= Le Privé =

Le Privé was a successful Korean club or "K-Club" in Los Angeles which was believed to be the largest Asian dance club in North America.

==Significance and Design==
The significance of this club had been reported in a variety of news media including LA Weekly, Asianweek, KoreAm Journal and the Seoul Times.

The club featured Gothic accents, gargoyles with lights piercing from their eyes, plush velvet couches, private karaoke rooms, a large dance floor that had an integrated floor illumination system, and marble trimmed bathrooms. The club was located on 721 S. Western Ave and opened in 2000, but closed in 2006. In 2007, it reopened under new ownership and a new name, Le Cercle.

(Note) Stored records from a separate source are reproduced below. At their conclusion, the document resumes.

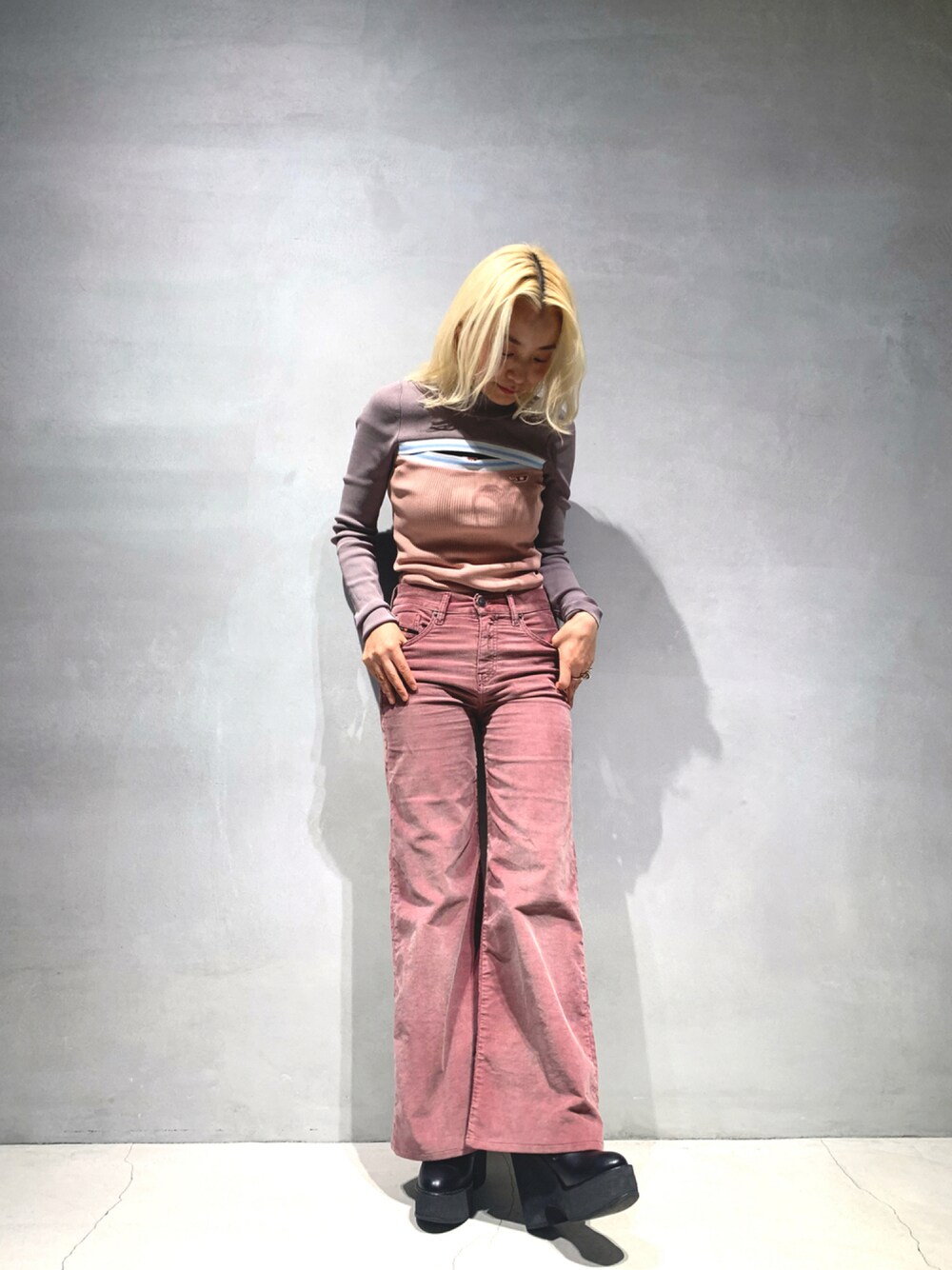 待望のグレン•マーティンスのコレクションが入荷してきました💕 褪せた色合いのピンクコーデュロイパンツと相性good😉 胸元から肌見せできるニットですが、あえて黒キャミソールのDロゴをチラ見せさせてみました😘
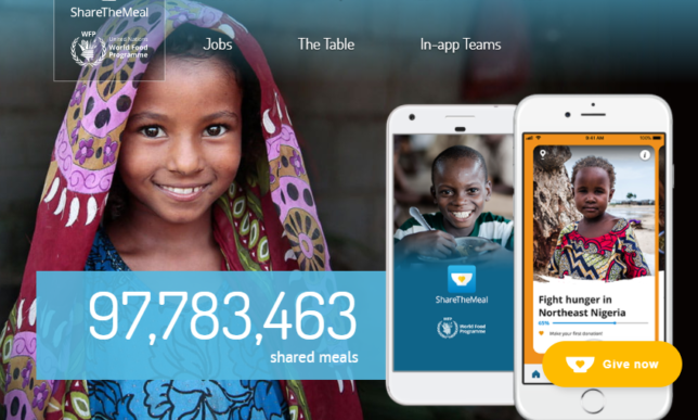 ShareTheMeal, açlıkla mücadele eden dünyanın en büyük insani yardım kuruluşu olan Birleşmiş Milletler Dünya Gıda Programı‘nın (WFP) bir girişimidir. WFP her yıl yaklaşık 83 ülkede 86 milyondan fazla kişiye gıda yardımı ile ulaşmaktadır. WFP % 100 gönüllü olarak finanse edildiğinden, her bağış önemlidir.
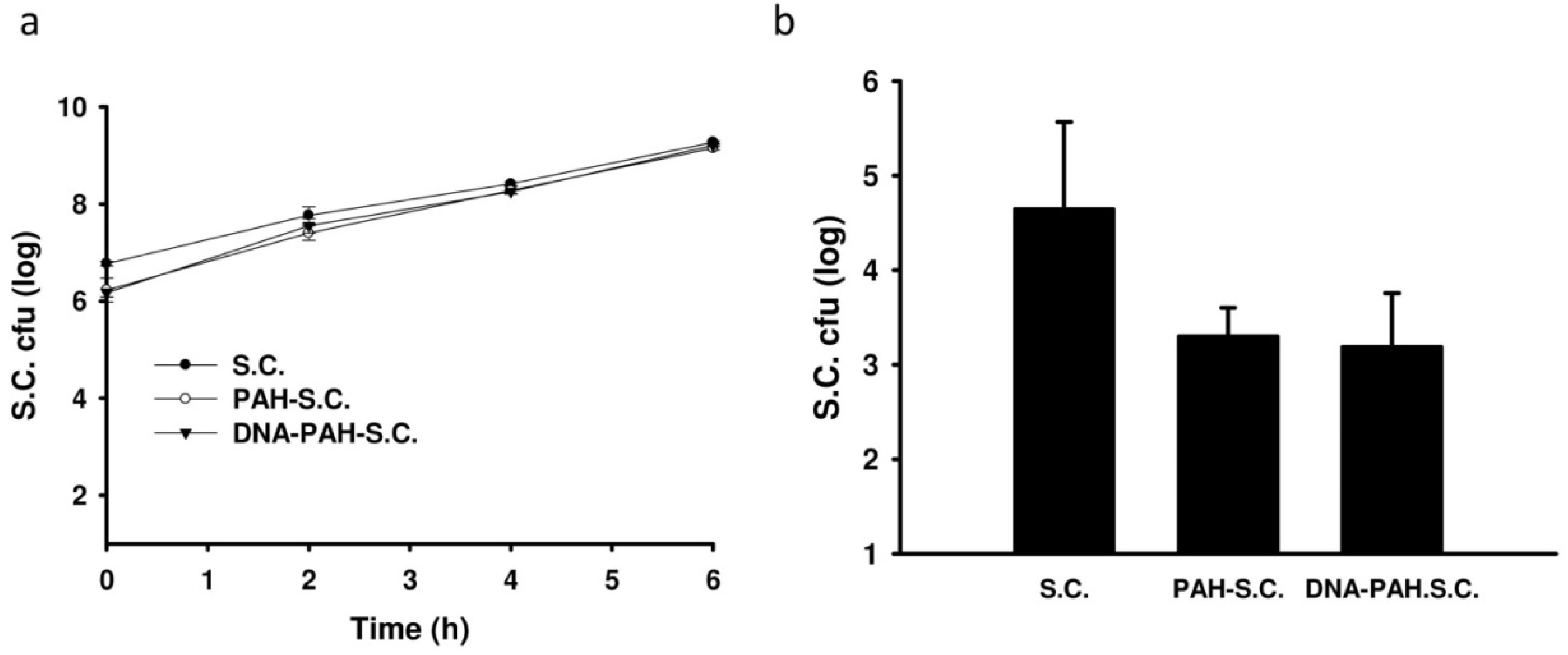 Replication and invasion activity of DNA-PAH-Salmonella (S.C.). (a) DNA-PAH-S.C. replication. The number of DNA-PAH-S.C. cells was determined 6 h post-incubation; and (b) The 4T1 cells were infected with 106 cfu of DNA-PAH-S.C., PAH-S.C., or S.C. cells. A gentamicin protection assay was used to examine these cells 9.5 h later. The data are reported as the means ± SD (n = 3).
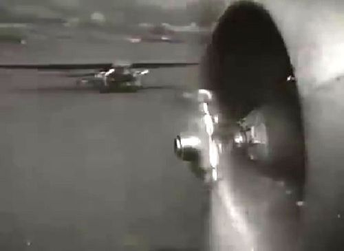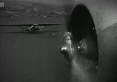 Just before the landing, a view from another airplane. On the ground an unidentified aircraft with engines mounted on stub-wings, perhaps a Farman F.222/1. This shot of no more two seconds is probably filmed at Le Bourget Airport.
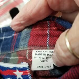 American Edition Men's Multicolor Plaid Flannel Long Sleeve Button Up Shirt -- Size M; Color - Multicolor Red, Blue, Gray, White; Material - 100% Cotton; Care - Machine Wash Warm; Made in USA; Long Sleeves, 2 Button Chest Pockets, Button up Front, Pointed Collar, Round Hem, Yoke on top Back,
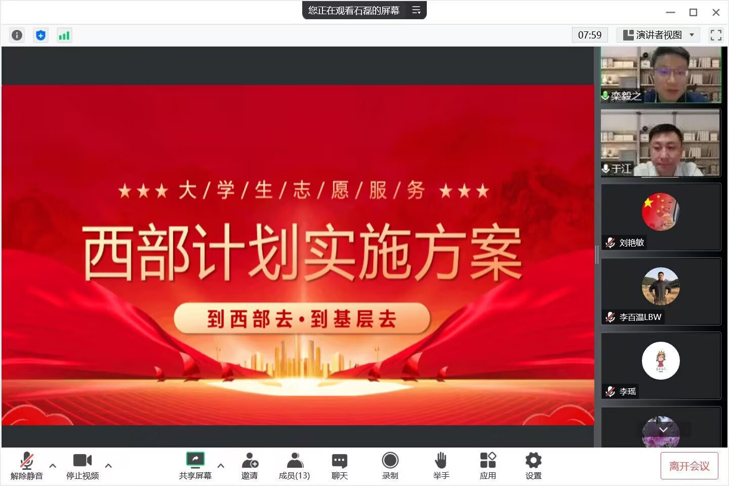 为进一步深化实施大学生志愿服务西部计划项目,引导和鼓励更多优秀的毕业生以志愿之名,赴西部之约,2022年3月15日,外国语学院外国语学院以线上的形式召开了“志愿传承奉献青春”西部计划教育主题活动。参与活动人员有外国语学院党委书记于江,党委副书记栾毅之,石磊老师及2018级本科班、2019级专科班以及20级专升本班部分学生。

A traditional bar set up where patrons would buy drinks at a localized station was not used. Instead, patrons were required to reserve a table/booth and order a bottle of liquor at a set price, which a waiter would bring to them along with a plate of fresh fruit. This was common practice at the venue, as well as other Korean-American clubs. A novel idea at the time, this practice made its way into the Hollywood clubs along with the Las Vegas night club scene.

==Booking==
"Booking", a unique Korean club practice in which waiters introduce club patrons to each other, was common at Le Privé. Booking involves waiters bringing women (sometimes forcibly) to a table to sit with men. Both parties are free to leave at any time, or depending on mutual interest, they can continue to sit together. This is one of the few instances in Korean culture where tipping is encouraged, as waiters usually perform to a higher standard depending on gratuity. The system was based on quid pro quo, whereas females were offered drinks in return for their time chatting at the male tables. On rare occasions, roles were reversed where males would be brought to all female tables by the waiters.

==Clientele==
Approximately 65% of the patrons were Koreans (Korean Americans and immigrants), 20% Chinese (Chinese Americans and immigrants), 5% other Asians, 10% non Asians. The club hosts an average age range from 21 to 30.

Jennifer Lopez, DMX, Sugar Ray and Gerald Levert have filmed music videos at Le Privé.